Typically, SIVs rely on three sources of funding: 10% junior and capital notes, 30% short-term asset-backed commercial paper (ABCP) and 60% medium-term notes (MTNs). They were damaged when the ABCP market dried up earlier this year, but Dresdner's analysts point out that their medium-term financing will also soon be coming up for renewal.

"On average, about 21.6% of these MTNs will expire in the first quarter of 2008, and 74.5% by the end of 2008," said Marco Stoeckle, Priya Shah and Domenico Picone. "Outstanding MTN stands at $181 billion, which will be the next liquidity challenge they face." According to their estimates, SIV assets under management fell from$400 billion in March this year to \$282 billion in mid-October (more recent estimates are not available).

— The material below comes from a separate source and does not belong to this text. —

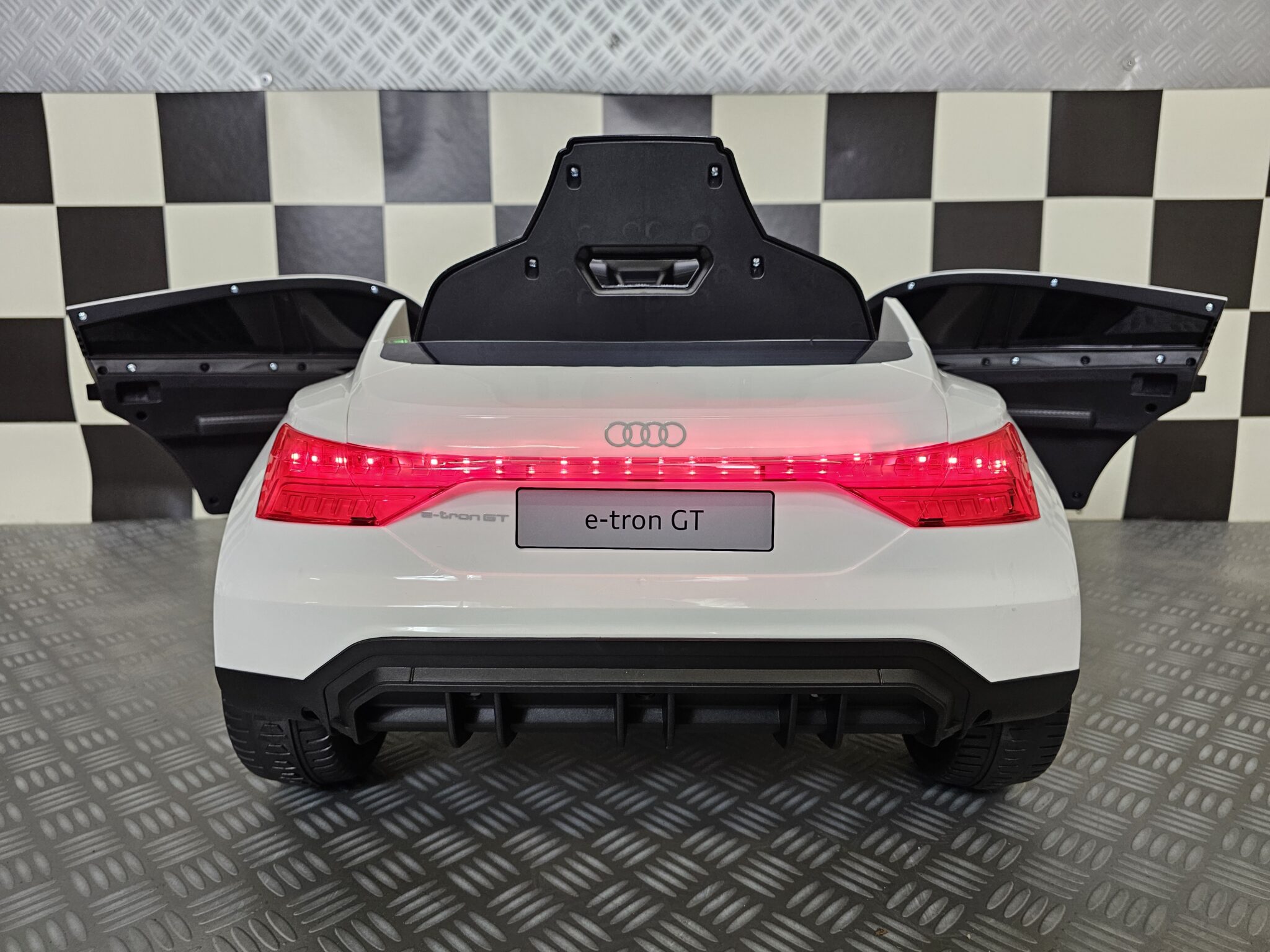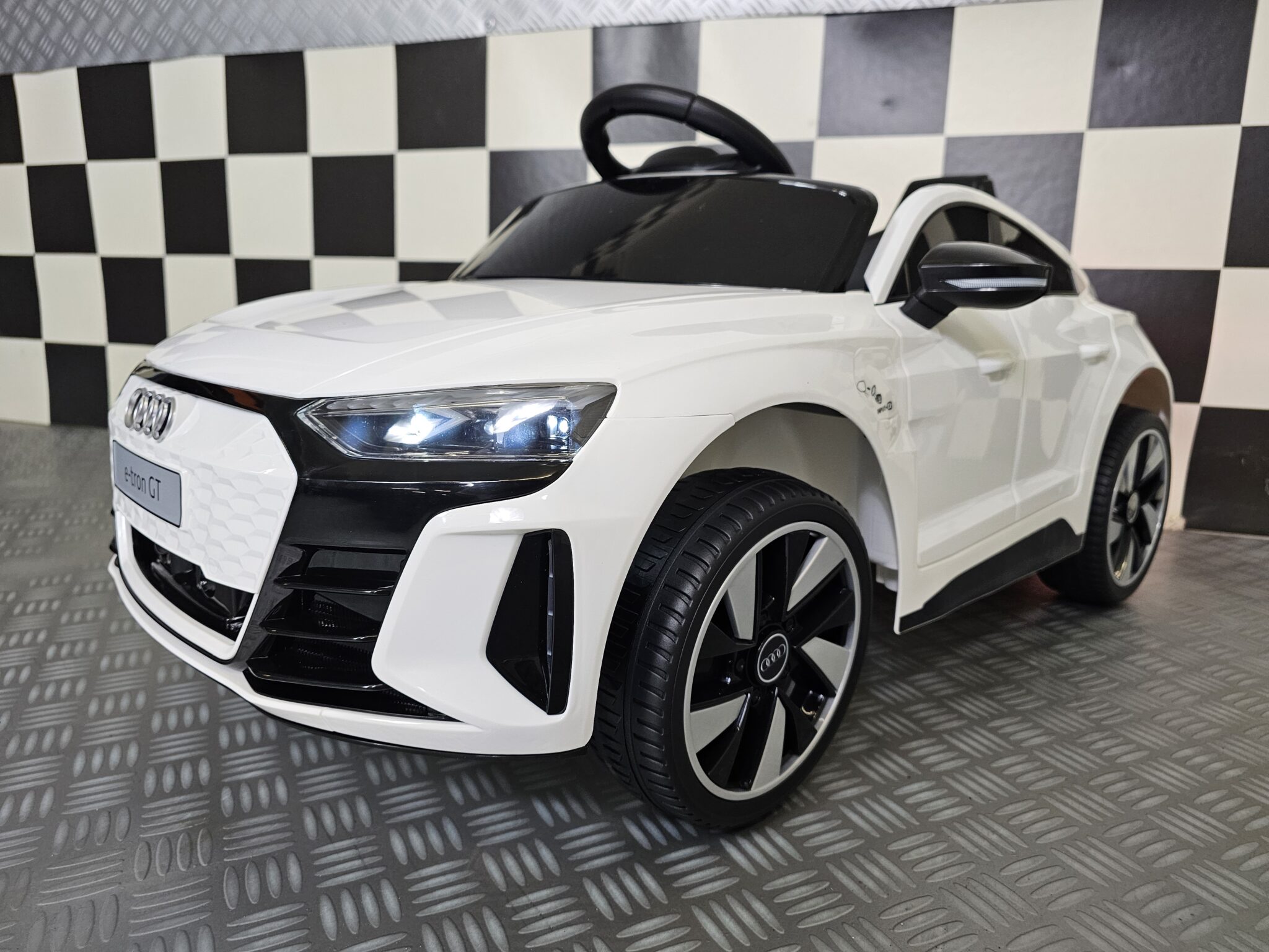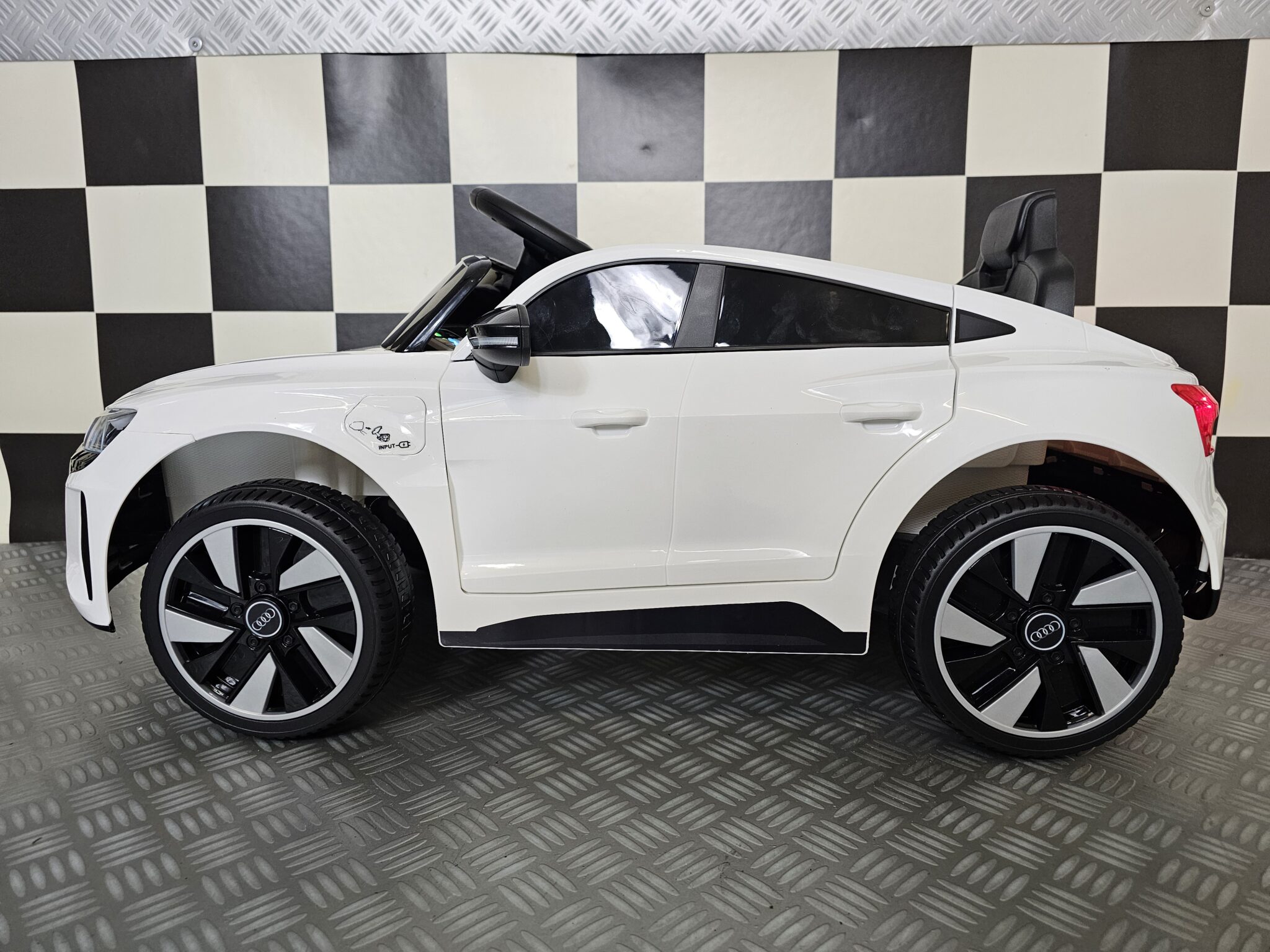 The Audi E-Tron children’s car was developed under license from Audi itself. This licensed children’s car is suitable for children for the smallest kids up to about 4 years old. (max child height 1 meter) Always use under supervision under the age of 3! From the age of 3 they will be able to play with it independently.

They said the partial liquidity support given to SIVs by their sponsors is unlikely to help. "Unlike a conduit structure, liquidity lines are not 100%, and therefore liability ratings are also dependant on the liquidity and market value risk associated with the collateral, and not just the default risk component." The tendency of many SIVs to invest in opaque or illiquid securities will make matters worse, they added.

These concerns were echoed in a draft document released today by rating agency Fitch. Proposing changes to its rating criteria, the agency said it would demand much higher credit enhancement before giving AAA or AA ratings to notes issued by "traditional" structures such as collateralised debt obligations, closed-end funds and SIVs. Structures containing "opaque or complex" asset classes would not be rated higher than A, and SIV capital notes would "likely be rated below investment grade".

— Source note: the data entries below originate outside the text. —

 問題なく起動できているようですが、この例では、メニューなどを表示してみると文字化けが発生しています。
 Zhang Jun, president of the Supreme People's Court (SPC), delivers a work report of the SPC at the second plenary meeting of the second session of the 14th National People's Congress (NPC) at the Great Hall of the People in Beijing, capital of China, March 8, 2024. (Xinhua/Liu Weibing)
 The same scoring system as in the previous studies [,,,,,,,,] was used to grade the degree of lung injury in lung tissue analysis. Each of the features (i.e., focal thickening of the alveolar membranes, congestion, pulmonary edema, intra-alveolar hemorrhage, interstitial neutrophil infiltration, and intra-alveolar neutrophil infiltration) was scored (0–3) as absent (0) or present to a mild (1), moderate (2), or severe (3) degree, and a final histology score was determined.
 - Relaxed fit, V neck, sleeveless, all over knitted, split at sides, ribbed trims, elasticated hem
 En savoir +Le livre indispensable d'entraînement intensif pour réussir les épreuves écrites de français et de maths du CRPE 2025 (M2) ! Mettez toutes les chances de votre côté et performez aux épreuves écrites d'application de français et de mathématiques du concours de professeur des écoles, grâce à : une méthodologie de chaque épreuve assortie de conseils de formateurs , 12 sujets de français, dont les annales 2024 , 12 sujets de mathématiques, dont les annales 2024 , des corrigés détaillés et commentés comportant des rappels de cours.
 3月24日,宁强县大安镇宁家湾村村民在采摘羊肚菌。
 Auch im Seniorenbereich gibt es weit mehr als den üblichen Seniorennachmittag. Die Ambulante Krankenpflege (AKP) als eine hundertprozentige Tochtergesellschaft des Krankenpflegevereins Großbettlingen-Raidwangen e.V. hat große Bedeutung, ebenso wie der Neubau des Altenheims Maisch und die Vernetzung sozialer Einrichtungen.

Fitch also warned that the partial liquidity supports offered by SIV sponsors had been found wanting. "This most recent market stress has highlighted shortcomings in some partial liquidity mechanisms... less weight will likely be given to partial liquidity support."

Fitch will be publishing the final description of the changes in early February 2008, but if (as seems likely) the changes cause significant drops in credit ratings for SIV debt, the funding challenges predicted by Dresdner Kleinwort will only intensify.